BEGIN DATA IN THIS EXERCISE
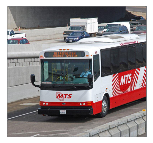
Rapid Express Vehicle running on the I-15 Express Lanes

Del Lago and Rancho Bernardo Transit Stations : Improvements at these stations included adding bus bays and new shelters, as well as installing next vehicle signs to provide updated bus arrival times. Construction began in August 2012 and was completed in March 2013.
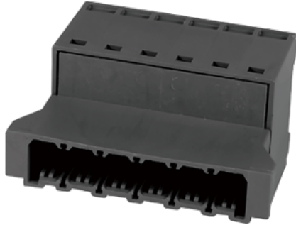
Twin connectors design, the pole number is half of the total connection points. The photo shows a 12 connection product, the pole number is 06.
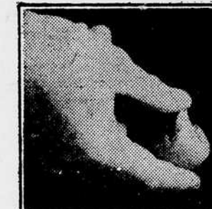
CROCUS - 2 INCHES
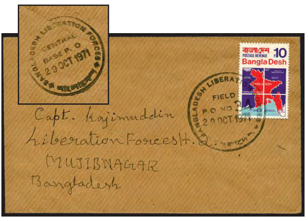
Bangladesh Scott 1 (issued July 29, 1971; Map of Bangladesh), used on military cover FPO 34, October 28, 1971. Backstamped at Central Base P.O. October 29, 1971.

For the sake of Humanity accept mail bearing stamps of "BANGLADESH"
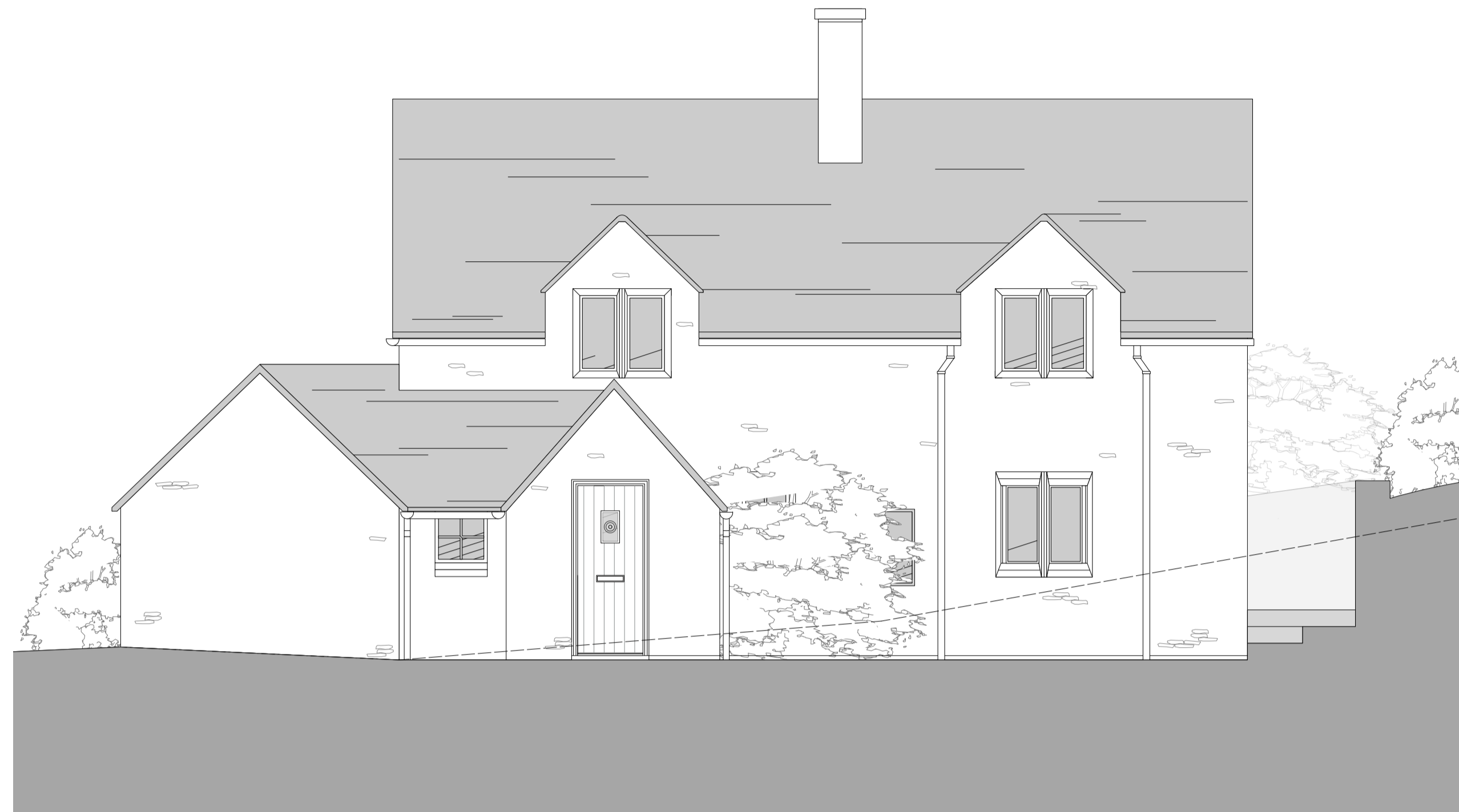
1 Existing North Elevation 1:50 @ A1/ 1:100 @ A3
END DATA IN THIS EXERCISE
TASK INSTRUCTIONS → Retype the records above word for word, from their first line through the line containing "Del Lago and", and leave out every picture.

TASK RESPONSE →
Rapid Express Vehicle running on the I-15 Express Lanes

Del Lago and Rancho Bernardo Transit Stations : Improvements at these stations included adding bus bays and new shelters, as well as installing next vehicle signs to provide updated bus arrival times. Construction began in August 2012 and was completed in March 2013.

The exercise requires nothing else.